● **Exercise directions**
Would you please return the data below verbatim, without its pictures?

(Records from a data collection)
————————

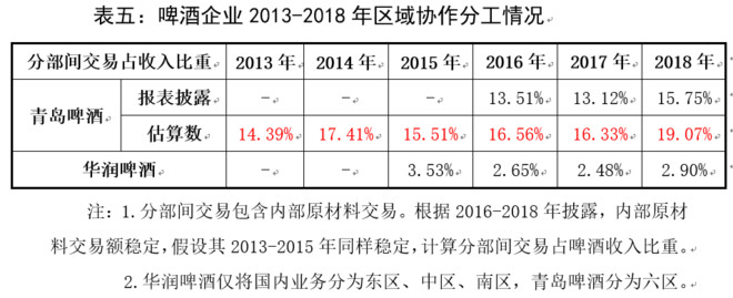 华润啤酒预收款增长停滞,分部间交易比例稳定,并无显著的上升趋势,产成品周转天数增长也低于青岛啤酒,意味着分工深度不足。
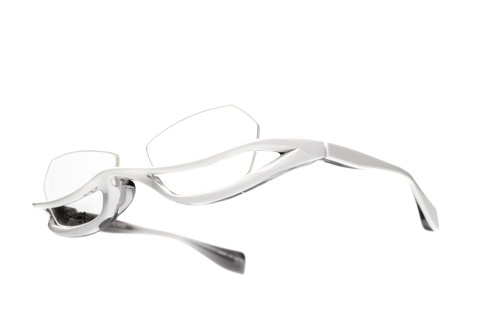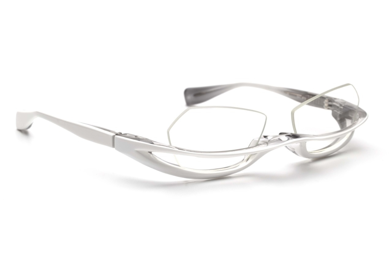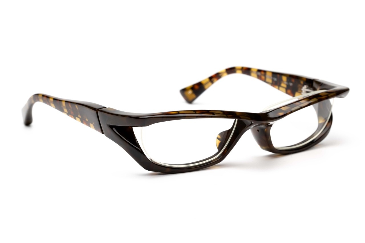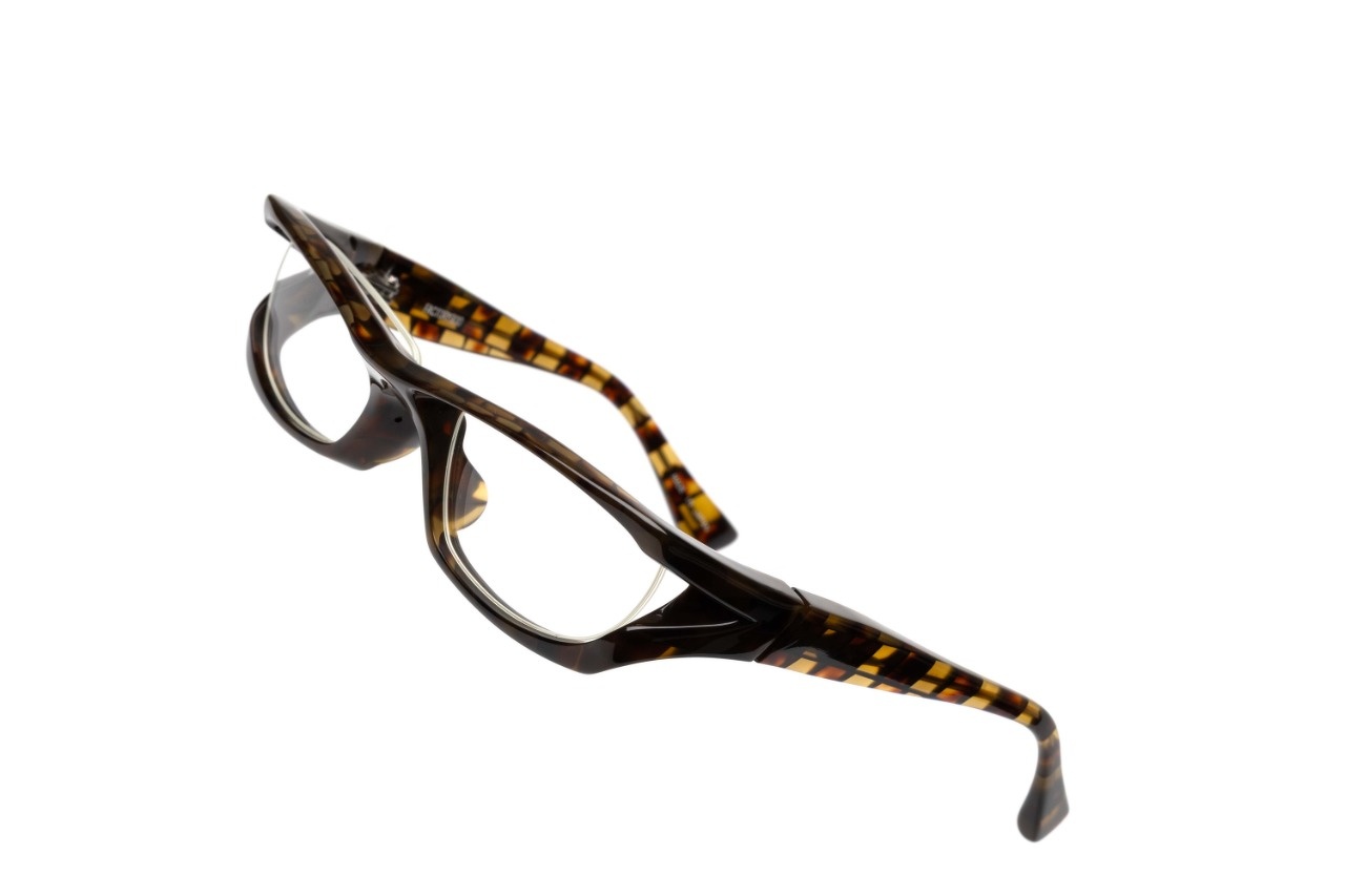 本来はあるはずもないレンズ前面に遮るように存在するアンダーブロー。見る時に邪魔にならないかといえば、決してそんな訳もなく想像通りの見え方になります(汗)様々な制約を排除し、視力矯正用具としてメガネに求められる見え方よりも”見られ方”を意識した田村氏渾身のデザインです。
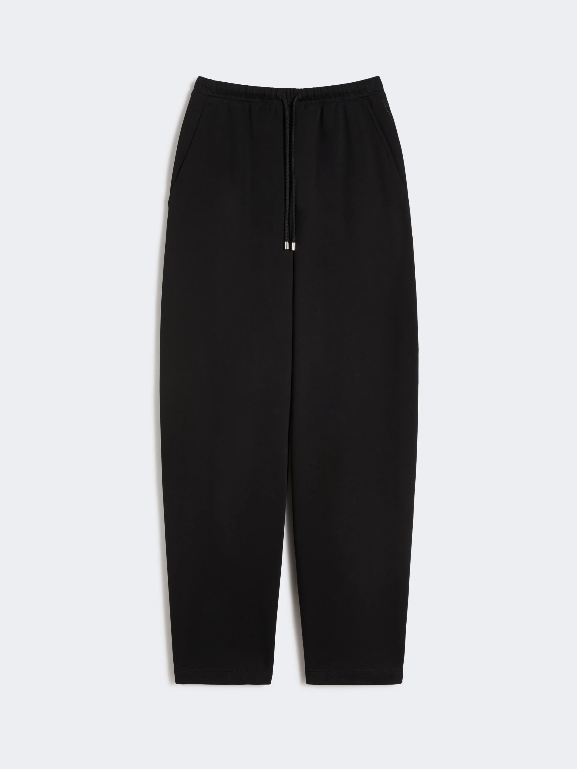 DETAILS Sweatpants with a soft, relaxed volume, perfect for moments of leisure or casual outings. Featuring a drawstring waist and a tone-on-tone rubberized logo. - Stretch cotton-blend jersey fleece pants - Drawstring and elastic waistband - Slanted side pockets and a single welt back pocket - Tone-on-tone rubberized printed logo - Regular fit COMPOSITION AND CARE 87% cotton, 13% elastomultiester. Machine wash cold delicate cycle; do not bleach; do not tumble dry; flat drying in the shade; cool iron; do not dry clean; professional wet cleaning - very mild process.; iron with a cloth between.; using neutral detergent.; protect accessories before washing.; turn the articles inside out before washing.; to be ironed on reverse. Distributed by Max Mara S.r.l., registered office in Reggio Emilia (Italy), Via Giulia Maramotti 4, 42124 (IT) Collection: Sportmax Product code: 2781016506004 - SPDNESPOLA
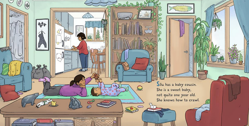 In this heartwarming story, a little girl helps out her busy aunt by packing her baby cousin in a cozy amaut. She walks her cousin and sings sweetly to her, finally lulling the fussy baby to sleep.
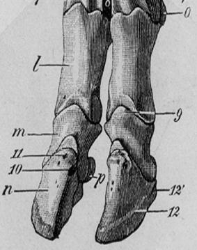 Рис. 16. Кости пальцев крупного рогатого скота с дорсальной поверхности (видны фрагменты пястных костей).

————————

● **Result**
 华润啤酒预收款增长停滞,分部间交易比例稳定,并无显著的上升趋势,产成品周转天数增长也低于青岛啤酒,意味着分工深度不足。
 本来はあるはずもないレンズ前面に遮るように存在するアンダーブロー。見る時に邪魔にならないかといえば、決してそんな訳もなく想像通りの見え方になります(汗)様々な制約を排除し、視力矯正用具としてメガネに求められる見え方よりも”見られ方”を意識した田村氏渾身のデザインです。
 DETAILS Sweatpants with a soft, relaxed volume, perfect for moments of leisure or casual outings. Featuring a drawstring waist and a tone-on-tone rubberized logo. - Stretch cotton-blend jersey fleece pants - Drawstring and elastic waistband - Slanted side pockets and a single welt back pocket - Tone-on-tone rubberized printed logo - Regular fit COMPOSITION AND CARE 87% cotton, 13% elastomultiester. Machine wash cold delicate cycle; do not bleach; do not tumble dry; flat drying in the shade; cool iron; do not dry clean; professional wet cleaning - very mild process.; iron with a cloth between.; using neutral detergent.; protect accessories before washing.; turn the articles inside out before washing.; to be ironed on reverse. Distributed by Max Mara S.r.l., registered office in Reggio Emilia (Italy), Via Giulia Maramotti 4, 42124 (IT) Collection: Sportmax Product code: 2781016506004 - SPDNESPOLA
 In this heartwarming story, a little girl helps out her busy aunt by packing her baby cousin in a cozy amaut. She walks her cousin and sings sweetly to her, finally lulling the fussy baby to sleep.
 Рис. 16. Кости пальцев крупного рогатого скота с дорсальной поверхности (видны фрагменты пястных костей).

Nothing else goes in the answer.